Heureusement, Ertuğrul Özkök, l'éditorialiste en chef de Hürriyet (équivalent du Monde), est là; ce sieur dont l'avis sur les choses publiques est indexé sur l'humeur de son patron, le célébrissime Aydın Doğan, a "osé" publier une photo de famille qui montre sa grand-mère en "çarşaf" : "regardez, nous ne sommes pas athées, nous autres; nous avons de la branche". La dispute des symboles. "Moi, j'ai trois voilées, une grabataire en plus, c'est émouvant non, qu'est-ce t'en penses ?", "moi j'ai quatre barbus et pas de voilées, elhamdulillah", "chariatiste, arriéré !", "oust ! complexé, vendu !"...


Bien sûr, Ramzan Kadyrov, le satrape de Tchétchénie, ne s'est pas inspiré des débats turcs pour imposer aux étudiantes le port du foulard. C'est un fils de mufti, voyons. Et les Russes l'aiment bien; et les hommes en ont assez d'être séduits. C'est prouvé, la concupiscence (non théologique s'entend) nuit gravement à l'attention; à l'université encore plus, les neurones n'ont pas le droit au répit.

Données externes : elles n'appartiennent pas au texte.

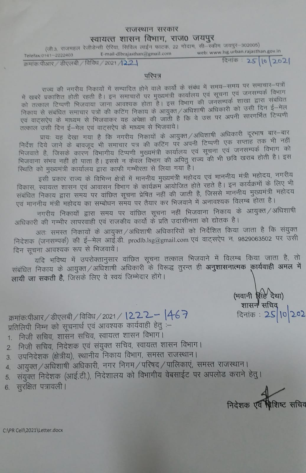| नगर पालिका दलोट को तत्काल प्रभाव से प्रत्याहारित ( Withdraw) किये जाने बाबत | एफ 10 (न.पा. (गठन) ( ) (ब.घो.)डीएलबी / 24/12731 | view | |
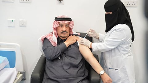 تلقى الأمير فيصل بن بندر بن عبدالعزيز أمير منطقة الرياض الجرعة الأولى من لقاح كورونا (كوفيد ١٩) بحضور وزير الصحة.
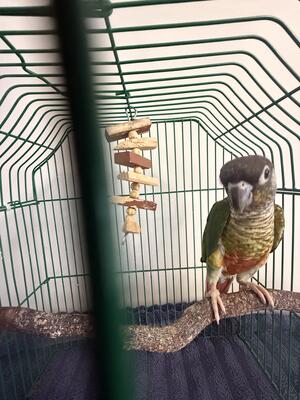 I have this female pineapple green cheek conure looking for a new perch. She’s around 6 years old....
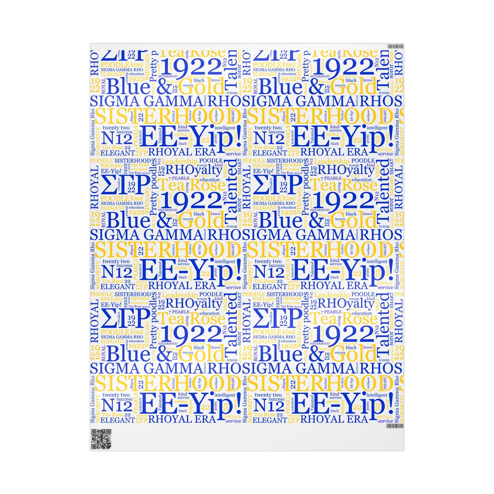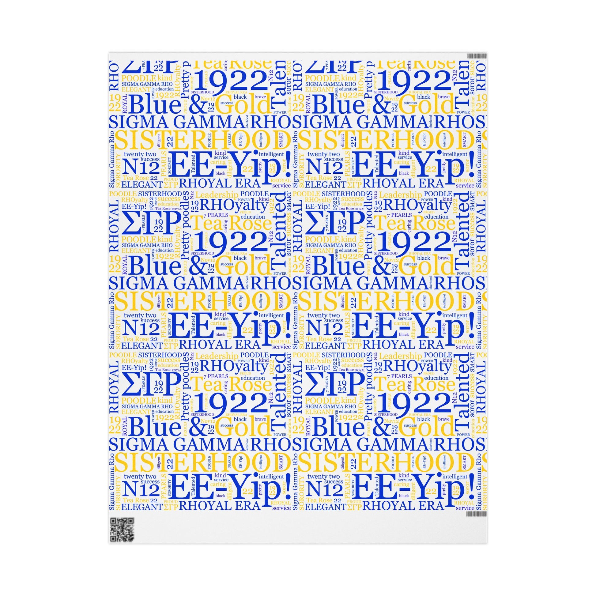 Sigma Gamma Rho Blue & Gold Sisterhood Wrapping Paper — '1922 EE-Yip!' Word Cloud Gift Wrap
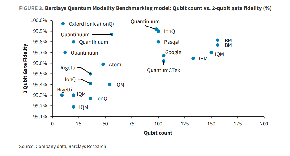 巴克莱通过“量子基准测试模型”,给目前混乱的硬件赛道划了重点:
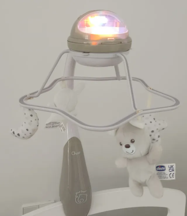 Detalles del productoMóvil para cuna de la marca Chicco, con proyector de luces y melodías.
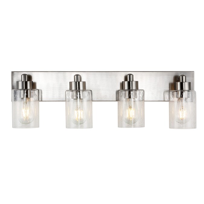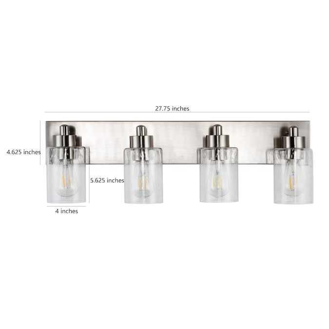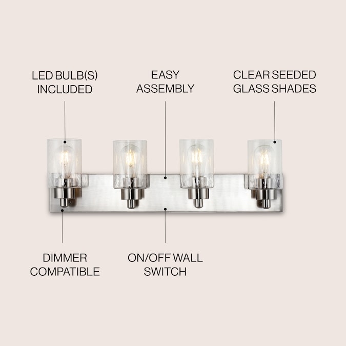 Elevate your bath vanity with our modern take on a classic mid-century wall light; Four LED bulbs are included, casting a warm glow and providing plenty of light; The pewter-inspired nickel finish adds Art Deco sparkle, and clear bubble-glass shades add to the elegant vintage style; This vanity light can be installed either facing up or down
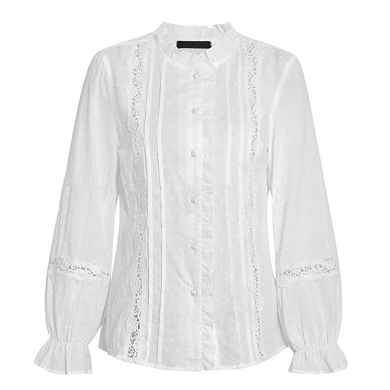 Highlights [Fabric] Crafted from a lightweight polyester fabric, this blouse offers a breathable and comfortable wear for both spring and fall seasons. The material is slightly elastic, ensuring a fit that moves with you while maintaining its elegant shape. [Fit] The blouse features a regular fit, enhancing the wearer's silhouette without being overly tight. The standing collar design offers a sophisticated touch, which complements the long sleeves, finished with elastic cuffs for added comfort and style. [Design Highlights] This vintage-styled blouse is adorned with exquisite lace patchwork details, lending a touch of femininity and elegance. The classic button-down front is accentuated by ruffled detailing along the placket, creating a timeless and fashionable look that stands out. The top also includes eyelet design elements, adding subtle texture and interest. [Occasions] Ideal for a variety of settings, this blouse transitions seamlessly from daily wear to weekend outings and casual gatherings. Its vintage charm and versatile style pair perfectly with both jeans and skirts, making it suitable for both casual and semi-formal events. [Size Range] Available in sizes S, M, L, XL, and 2XL, ensuring a suitable fit for a range of body types. The blouse is designed to accommodate different preferences and offers flexibility in styling, whether tucked in or worn loose.
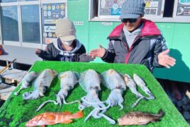 船外機ボートで土橋さんがアオリイカ、オオモンハタをゲット。
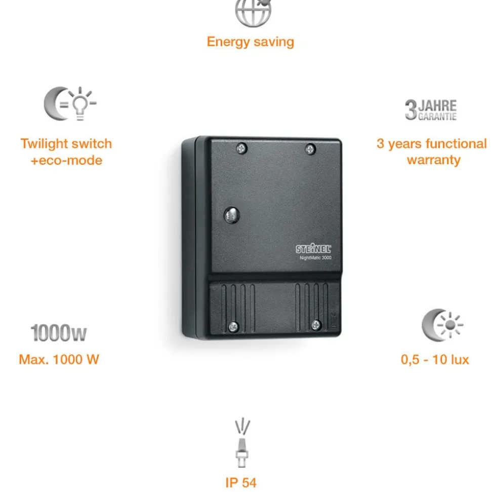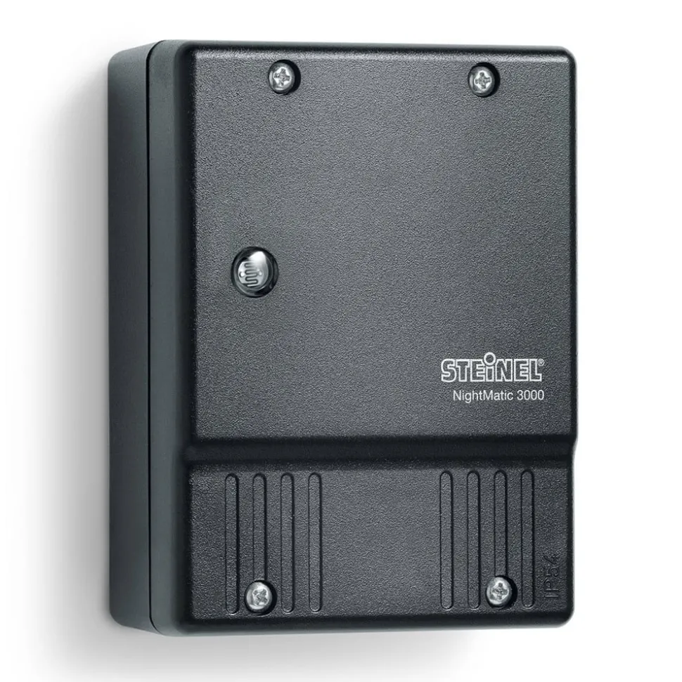 De NightMatic 3000 registreert de omgevingshelderheid en schakelt aangesloten armaturen ’s avonds bij het bereiken van de schemeringsdrempel automatisch in en bij zonsopgang weer uit. Met zijn Vario nachtspaarstand helpt hij ook elektriciteit te besparen. Indien gewenst, schakelt het licht ’s nachts na een programmeerbare tijd automatisch uit en ’s morgens rond 5 uur weer aan – als het dan nog donker is. Hij is uitgerust met zelflichtcompensatie, d.w.z. dat een externe armatuur in de nabijheid de werking ervan niet verstoort.
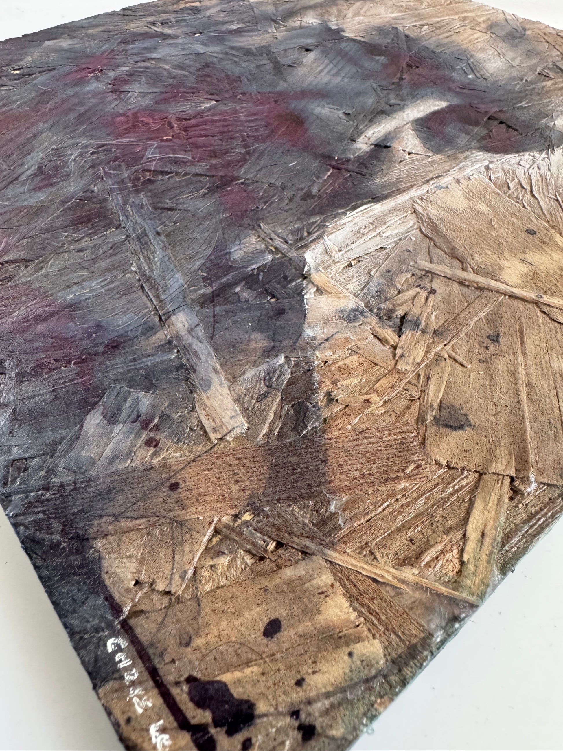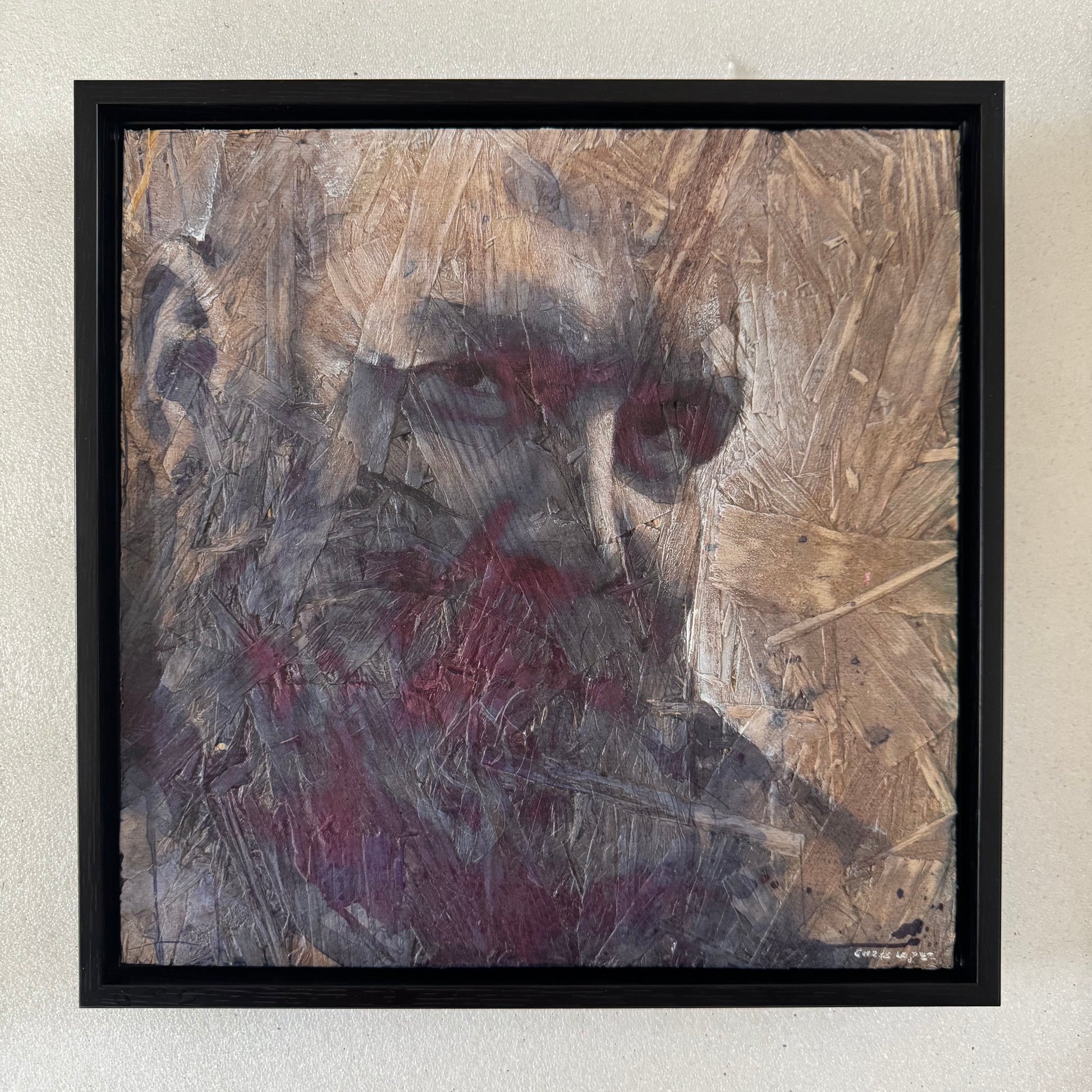 "Self Portrait 1" This 12x12" mixed media piece on OSB panel showcases raw, expressive brushwork that invites tactile exploration. The rough strokes interacting with the natural wood surface create a dynamic texture, offering a unique sensory and visual experience. Ideal for collectors appreciating bold technique and material interplay in art.
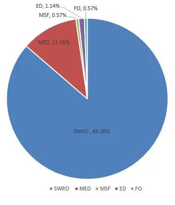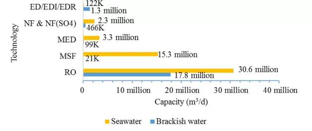 圖2顯示了不同技術(用于處理不同的給水來源)對全球脫鹽能力的貢獻情況。
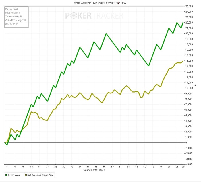 Сегодня решил покатать чисто 20-ки, поле было шикарное и выиграл ровно половину турниров! Также было 3 шт. х8 взял все.
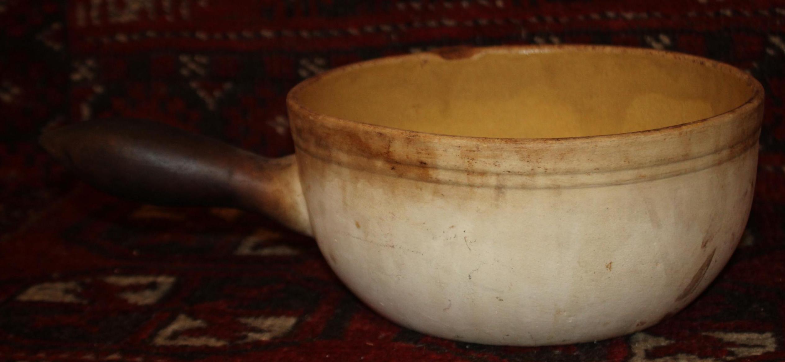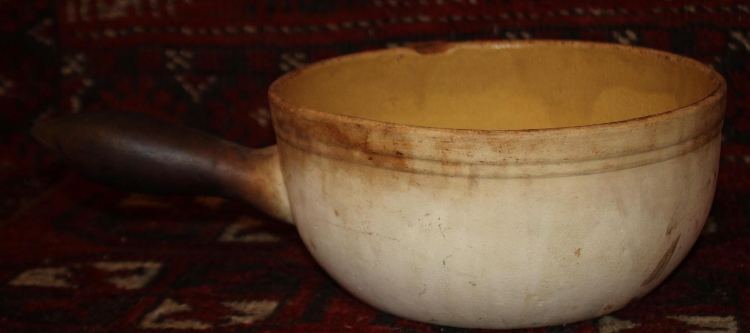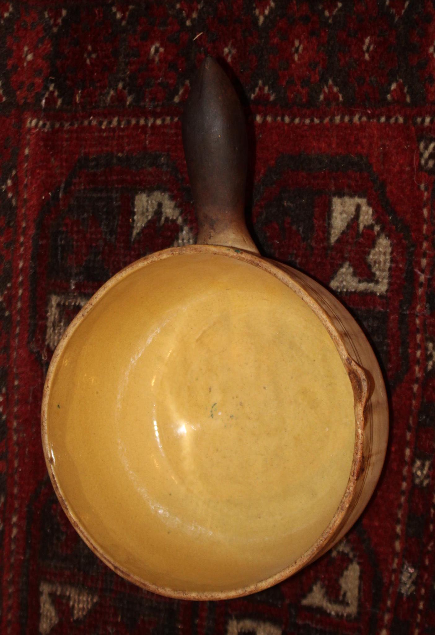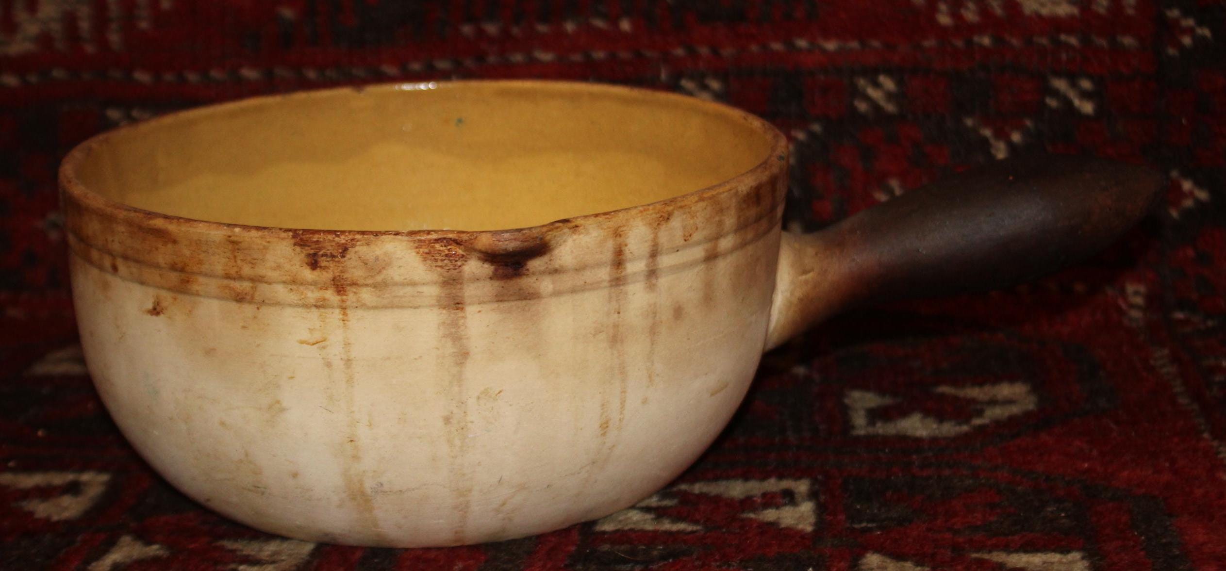This Yelloware Stoneware Cooking Pot has such a great rustic look to it! It would be perfect displayed in a country cottage or farmhouse! The pot bowl is 8.5" in diameter and is 13.25" long with the handle x 4" tall and holds 6 cups. There are no chips or cracks- there is discoloration from years of use. Please message us if you have any questions- Thanks for looking!

Comme il faut que le hasard fasse bien les choses, la Cour européenne a pondu deux arrêts sur le foulard (Doğru c. France et Kervancı c. France, 4/12/2008). L'histoire de deux collégiennes d'origine turque insistant pour porter leur "accessoire" en sport; la loi de 2004 n'était pas en cause, l'on se plaçait donc sous le régime de 1989. Les juges sont unanimes : "mais tu ne peux pas faire du sport avec un voile, ma fille, allez, enlève ça", "bah si m'sieur, c'est même mieux, ça tient les cheveux", "mais là n'est pas le problème ma fille, t'es constipée ou quoi, la pratique importe peu, la théorie dit que c'est incompatible", "mais...", "oh quelle gueuse celle-là ! on s'en fout de ta vie, tu nargues la laïcité, point. Rejeté". Les arguments de la requérante étaient sensés pourtant : "lors du conseil de discipline, lorsqu’il lui a été demandé en quoi le port du foulard ou d’un bonnet pendant ses cours mettait en danger la sécurité de l’enfant, il [le professeur de sport] a refusé de répondre à la question posée. Le Gouvernement ne donne pas plus d’explication sur ce point." (§ 44). La Cour ne s'attarde pas, évidemment : "la Cour estime que la conclusion des autorités nationales selon laquelle le port d’un voile, tel le foulard islamique, n’est pas compatible avec la pratique du sport pour des raisons de sécurité ou d’hygiène, n’est pas déraisonnable." (§ 73) On comprend l'interdiction du voile ou du turban sikh pour le casque obligatoire ou pour la photo sur les documents officiels mais dire, péremptoirement, qu'il n'y a pas "à justifier, dans chaque cas particulier, l’existence d’un danger pour l’élève ou les autres usagers de l’établissement" (§ 38), c'est tout de même bizarre. "Oh moi tu sais, je ne sais pas si c'est compatible avec la pratique du sport, mais si ton prof le dit, c'est qu'il a ses raisons", "mais non, même lui ne sait pas", "allez, allez, règlez ça entre vous, nous, nous avons peur de traiter de la laïcité"...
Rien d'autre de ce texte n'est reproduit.